Content starts

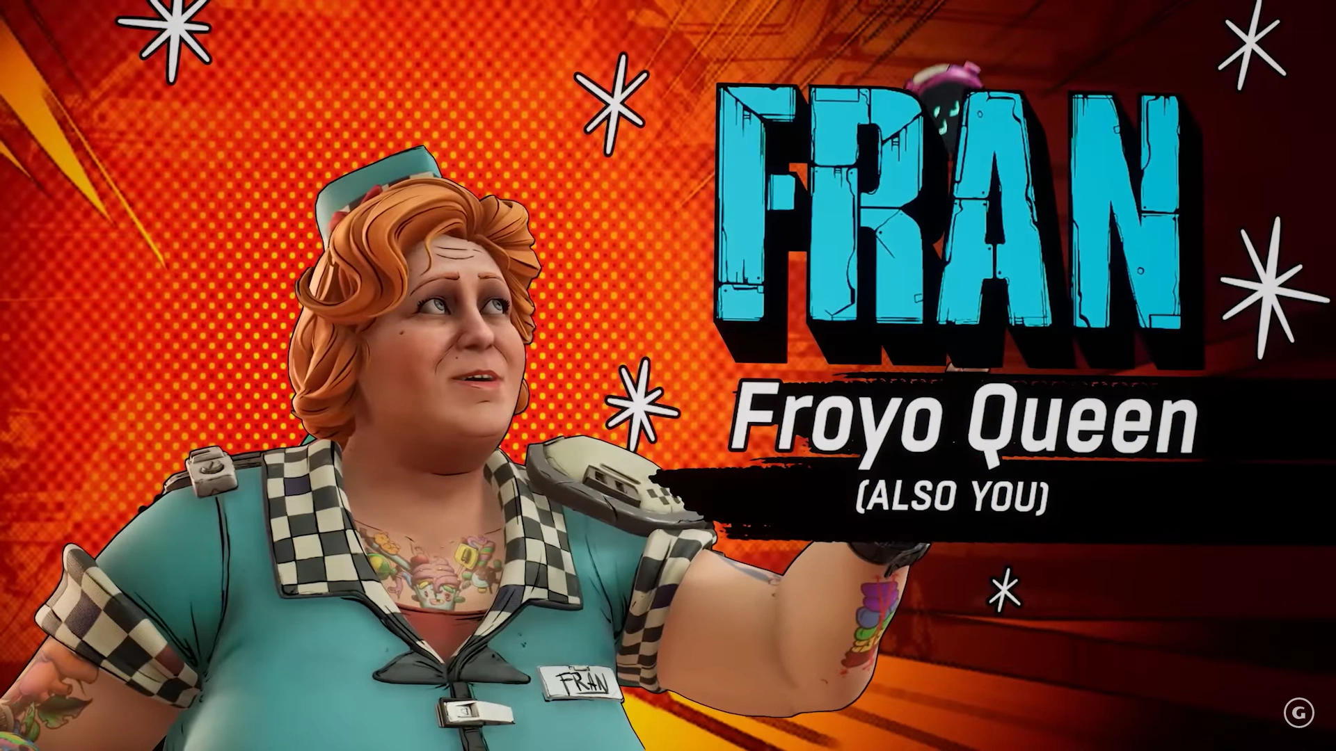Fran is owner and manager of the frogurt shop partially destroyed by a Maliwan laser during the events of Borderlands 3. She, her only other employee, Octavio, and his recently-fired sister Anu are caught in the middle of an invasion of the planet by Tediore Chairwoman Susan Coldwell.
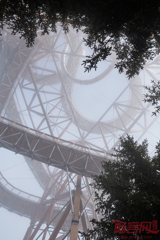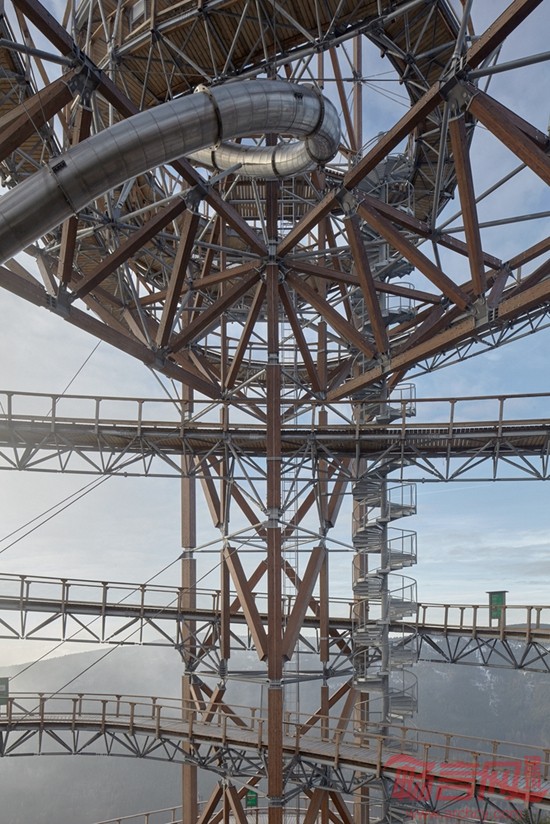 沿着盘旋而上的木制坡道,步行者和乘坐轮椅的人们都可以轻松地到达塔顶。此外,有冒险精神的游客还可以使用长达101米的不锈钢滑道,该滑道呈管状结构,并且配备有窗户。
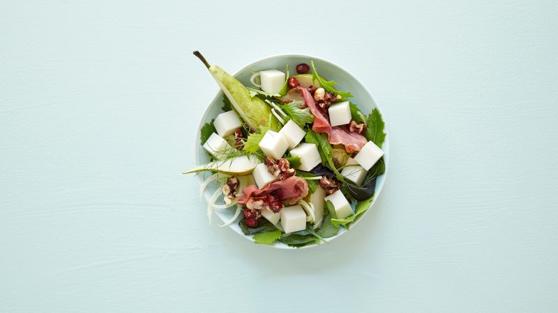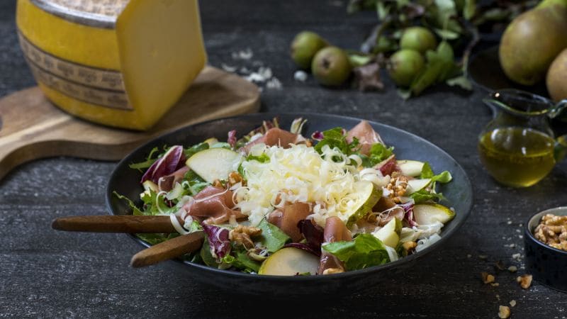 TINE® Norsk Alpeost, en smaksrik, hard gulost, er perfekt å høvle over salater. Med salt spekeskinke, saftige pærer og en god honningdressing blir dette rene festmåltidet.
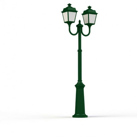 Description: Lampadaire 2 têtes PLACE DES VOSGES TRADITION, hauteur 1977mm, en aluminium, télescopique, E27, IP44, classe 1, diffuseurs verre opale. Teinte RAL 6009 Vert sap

Content ends

Work instructions — Would you repeat the complete listing exactly, excluding each picture it holds?

Written response —
Fran is owner and manager of the frogurt shop partially destroyed by a Maliwan laser during the events of Borderlands 3. She, her only other employee, Octavio, and his recently-fired sister Anu are caught in the middle of an invasion of the planet by Tediore Chairwoman Susan Coldwell.
 沿着盘旋而上的木制坡道,步行者和乘坐轮椅的人们都可以轻松地到达塔顶。此外,有冒险精神的游客还可以使用长达101米的不锈钢滑道,该滑道呈管状结构,并且配备有窗户。
 TINE® Norsk Alpeost, en smaksrik, hard gulost, er perfekt å høvle over salater. Med salt spekeskinke, saftige pærer og en god honningdressing blir dette rene festmåltidet.
 Description: Lampadaire 2 têtes PLACE DES VOSGES TRADITION, hauteur 1977mm, en aluminium, télescopique, E27, IP44, classe 1, diffuseurs verre opale. Teinte RAL 6009 Vert sap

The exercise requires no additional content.